(Data section)

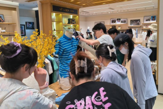 在企业有关人员的陪同下,同学们首先参观了公司的品牌楼。随后,大家来到伦德马(Londa)品牌的陈列区,观看了爵派尔服饰有限公司及伦德马品牌的宣传片,培训部刘洋经理对公司及伦德马品牌的发展历史进行了简要介绍。接着,陈列部培训师柴亚飞为同学们现场授课,从服装陈列的意义、具体方法及操作要领等方面为同学们进行详细的讲解,并通过大量具体的案例进行分析。同学们还以分组的形式在展厅现场实操。培训师对每组同学的作品进行现场点评,指出存在的问题和有待提高的地方。
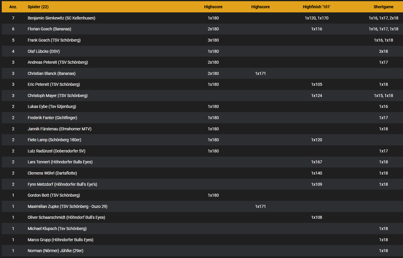 Wir freuen uns auf euch! Näheres zum Ablauf des Abschlussturniers folgt dann die nächsten Tage über die Weekly Open Gruppe durch euren Micha. Das Team rund um Micha, Flo, Maxi, Christian und co. geben sich dabei die größte Mühe euch einen tollen Abschlusstag zu ermöglichen um eine wirklich – so vorher nicht erwartete – tolle Weekly Saison zu krönen. Ziel wie stets, Training, viel viel Spaß und ein einfaches Wohl fühlen unter gleichgesinnten. Danke an euch alle 184 verschiedene Spieler, dass ihr dieses Jahr teil der Weekly Open Gemeinschaft wart. Wir hatten tolle Darts, viele nette Gespräche, einige umgekippte Getränke, die ein oder andere neue Bekanntschaft, junge Nachwuchstalente entdeckt, neue Spielgruppen haben sich gefunden, alte Freundschaften vertieft… all das und mehr… einfach ein toller Erfolg für alle.
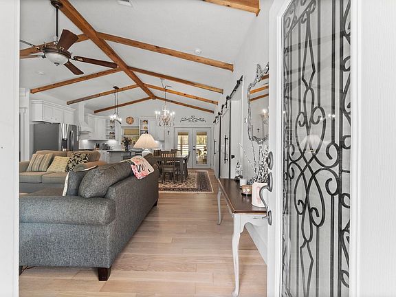 You will discover an exceptional property as soon as you drive through the entrance gate of this property. It has it all including a beautiful French Country themed home offering split floor plan, open living, dining and kitchen area. Sunroom offers sitting area, Hot Springs hot tub, & mini split CAH. Also, three-bay attached garage with lots of storage, water well, water filtration system, 20KW generator, tankless water heater, and two 1,000-gallon inground propane tanks are just a few of the extras! The expanse front porch offers a sitting area, and massive outdoor fireplace. The fenced yard creates a great place to entertain with a 25,000 gallon in ground pool with stone coping, artificial turf, gazebo, and putting green. The detached barn has a guest house and full bath, workout room, with padded floors, tack room, workshop, sink, two horse stalls with fans, concrete floors and adjoining paddock. Pond with pier, 6-hole golf course & driving range, pistol range and shooters table.

(End Data section)

Say again, word for word, the lines beginning at the top of the data and ending with the line that has "Wir freuen uns". Skip the pictures.

Task answer:
 在企业有关人员的陪同下,同学们首先参观了公司的品牌楼。随后,大家来到伦德马(Londa)品牌的陈列区,观看了爵派尔服饰有限公司及伦德马品牌的宣传片,培训部刘洋经理对公司及伦德马品牌的发展历史进行了简要介绍。接着,陈列部培训师柴亚飞为同学们现场授课,从服装陈列的意义、具体方法及操作要领等方面为同学们进行详细的讲解,并通过大量具体的案例进行分析。同学们还以分组的形式在展厅现场实操。培训师对每组同学的作品进行现场点评,指出存在的问题和有待提高的地方。
 Wir freuen uns auf euch! Näheres zum Ablauf des Abschlussturniers folgt dann die nächsten Tage über die Weekly Open Gruppe durch euren Micha. Das Team rund um Micha, Flo, Maxi, Christian und co. geben sich dabei die größte Mühe euch einen tollen Abschlusstag zu ermöglichen um eine wirklich – so vorher nicht erwartete – tolle Weekly Saison zu krönen. Ziel wie stets, Training, viel viel Spaß und ein einfaches Wohl fühlen unter gleichgesinnten. Danke an euch alle 184 verschiedene Spieler, dass ihr dieses Jahr teil der Weekly Open Gemeinschaft wart. Wir hatten tolle Darts, viele nette Gespräche, einige umgekippte Getränke, die ein oder andere neue Bekanntschaft, junge Nachwuchstalente entdeckt, neue Spielgruppen haben sich gefunden, alte Freundschaften vertieft… all das und mehr… einfach ein toller Erfolg für alle.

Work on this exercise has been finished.